# Problem requirements:
Print the entries in full, word for word, but not the pictures.

### Data records ###

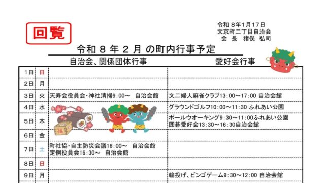 2026年2月 町内行事予定
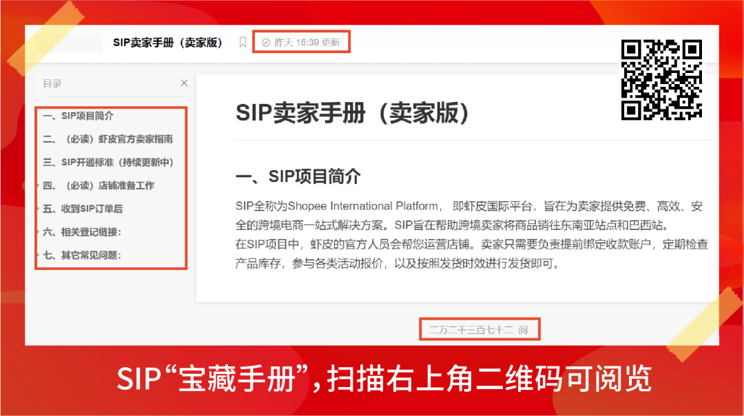 对此,Kiki和SIP团队专门做了3场专题直播,目前已累计近2万观看量,后台显示几乎每天都有卖家看回放。同时,SIP团队制作了详细的卖家指南,覆盖简介、开通标准等各类内容。卖家亲切地将其称之为“宝藏手册”,奉为认识SIP的教科书。目前,“宝藏手册”阅读量已超2万,万字图文仍在持续更新。
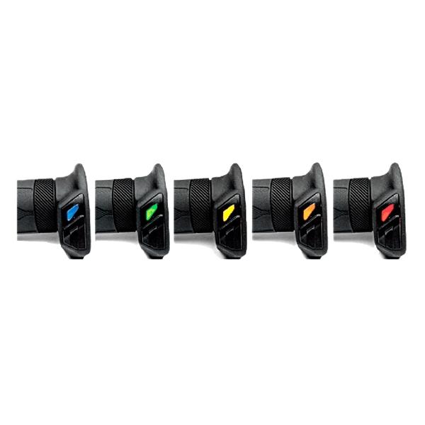 • 5 color LED Indicators for the rider to quickly know in which heat level the grips are set.
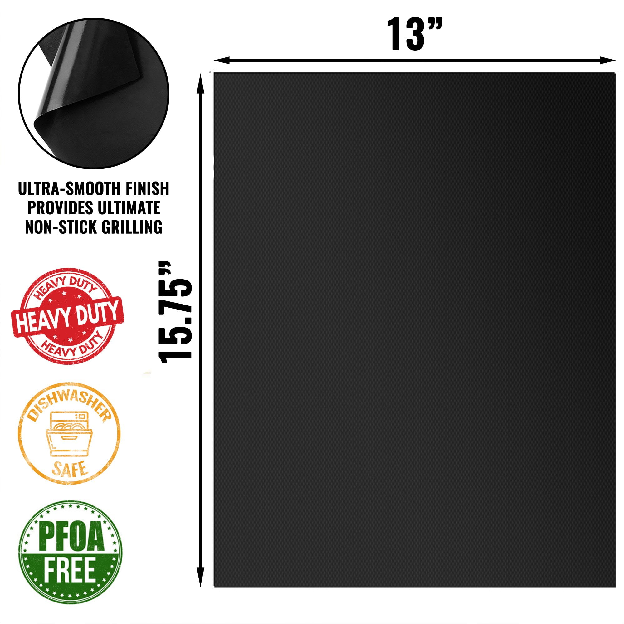 - [Grillaholics Heavy is the Premier Grill Mat] Our ultra-smooth finish provides superior nonstick grilling. Never worry about your food sticking to the grates or falling through the cracks again. Flare-ups are a thing of the past…no more burnt meals or ruined dinners.
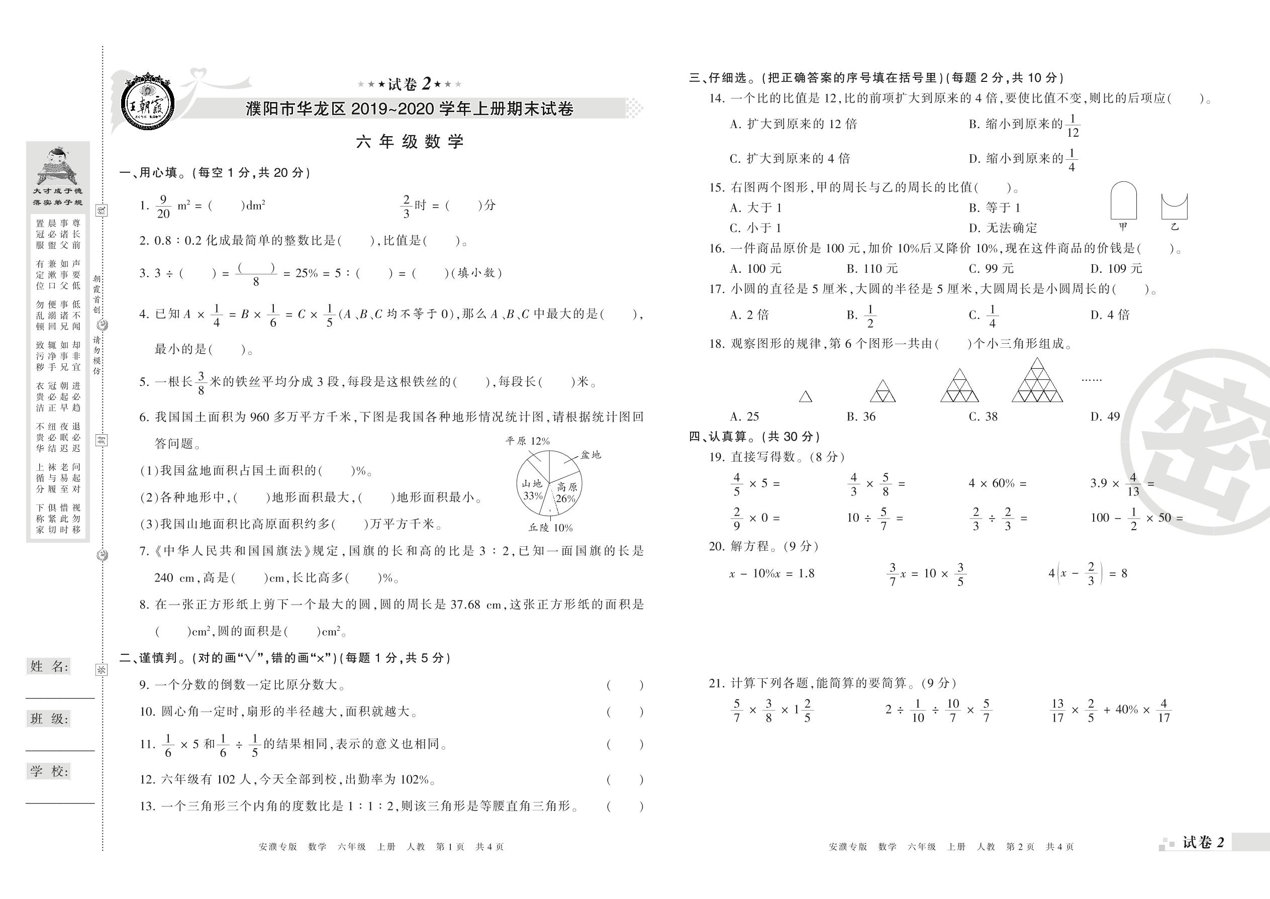 2019-2020学年第一学期濮阳市华龙区六年级数学试卷(人教版)【2】
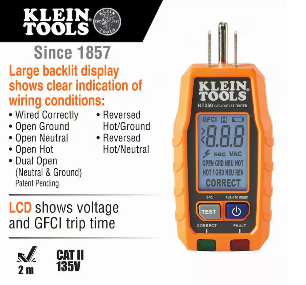 About This Product Klein Tools Premium Electrical Test Kit includes a Manual-Ranging Digital Multimeter (Cat. No. MM320) with right-angle test leads, Dual Range Non-Contact Voltage Tester with Flashlight, 12 to1000 VAC (Cat. No. NCVT3P), and a GFCI Receptacle Tester with LCD (Cat. No. RT250). This convenient kit features products for a variety of applications with safety and reliability in mind. Comes with all required batteries. Highlights Electrical Kit with Premium Testers solve various electrical applications; Manual-Ranging Digital Multimeter, Dual Range Non-Contact Voltage Tester with Flashlight, and GFCI Receptacle Tester with LCD Digital Multimeter MM320 measures up to 600V AC/DC voltage, 10A DC current and 2MOhms resistance; also tests batteries, diodes, and continuity Voltage Tester NCVT3P has dual-range capabilities to detect from 12 to 1000 VAC or 70 to 1000 VAC for a broad variety of low-voltage or standard voltage applications Bright flashlight illuminates work area and may be used independent of voltage detection function GFCI Receptacle Tester RT250 features a large backlit LCD readout of voltage, and clear indication of wiring conditions, including patent pending detection of Open Neutral / Open Ground wiring faults LCD readout on receptacle tester shows the time required to trip a GFCI device; for use on 3-wire, North American 120V electrical outlets only Digital Multimeter MM320 includes right-angle test leads and all required batteries MM320 is CAT III safety rated for 600V Details Electrical Tools Features Audible Alert, Battery Powered, Dual Voltage Indication, Grounded Receptacle, Handheld, Interchangeable Leads, Noncontact Detection, Visual Alert Hand Tool Type Electrical Tool Set Number of Pieces 3 Returnable 90-Day Tools Included Electrical Tester Tools Product Type Hand Tool Warranty / Certifications Manufacturer Warranty Please refer to the attached warranty document in the Product Overview section above under Info & Guides.
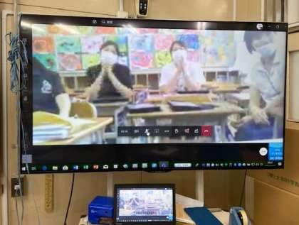パソコンとカメラがあると、このように離れた教室(場所)にいても、話をすることができます。

###

# Response area:
 2026年2月 町内行事予定
 对此,Kiki和SIP团队专门做了3场专题直播,目前已累计近2万观看量,后台显示几乎每天都有卖家看回放。同时,SIP团队制作了详细的卖家指南,覆盖简介、开通标准等各类内容。卖家亲切地将其称之为“宝藏手册”,奉为认识SIP的教科书。目前,“宝藏手册”阅读量已超2万,万字图文仍在持续更新。
 • 5 color LED Indicators for the rider to quickly know in which heat level the grips are set.
 - [Grillaholics Heavy is the Premier Grill Mat] Our ultra-smooth finish provides superior nonstick grilling. Never worry about your food sticking to the grates or falling through the cracks again. Flare-ups are a thing of the past…no more burnt meals or ruined dinners.
 2019-2020学年第一学期濮阳市华龙区六年级数学试卷(人教版)【2】
 About This Product Klein Tools Premium Electrical Test Kit includes a Manual-Ranging Digital Multimeter (Cat. No. MM320) with right-angle test leads, Dual Range Non-Contact Voltage Tester with Flashlight, 12 to1000 VAC (Cat. No. NCVT3P), and a GFCI Receptacle Tester with LCD (Cat. No. RT250). This convenient kit features products for a variety of applications with safety and reliability in mind. Comes with all required batteries. Highlights Electrical Kit with Premium Testers solve various electrical applications; Manual-Ranging Digital Multimeter, Dual Range Non-Contact Voltage Tester with Flashlight, and GFCI Receptacle Tester with LCD Digital Multimeter MM320 measures up to 600V AC/DC voltage, 10A DC current and 2MOhms resistance; also tests batteries, diodes, and continuity Voltage Tester NCVT3P has dual-range capabilities to detect from 12 to 1000 VAC or 70 to 1000 VAC for a broad variety of low-voltage or standard voltage applications Bright flashlight illuminates work area and may be used independent of voltage detection function GFCI Receptacle Tester RT250 features a large backlit LCD readout of voltage, and clear indication of wiring conditions, including patent pending detection of Open Neutral / Open Ground wiring faults LCD readout on receptacle tester shows the time required to trip a GFCI device; for use on 3-wire, North American 120V electrical outlets only Digital Multimeter MM320 includes right-angle test leads and all required batteries MM320 is CAT III safety rated for 600V Details Electrical Tools Features Audible Alert, Battery Powered, Dual Voltage Indication, Grounded Receptacle, Handheld, Interchangeable Leads, Noncontact Detection, Visual Alert Hand Tool Type Electrical Tool Set Number of Pieces 3 Returnable 90-Day Tools Included Electrical Tester Tools Product Type Hand Tool Warranty / Certifications Manufacturer Warranty Please refer to the attached warranty document in the Product Overview section above under Info & Guides.
パソコンとカメラがあると、このように離れた教室(場所)にいても、話をすることができます。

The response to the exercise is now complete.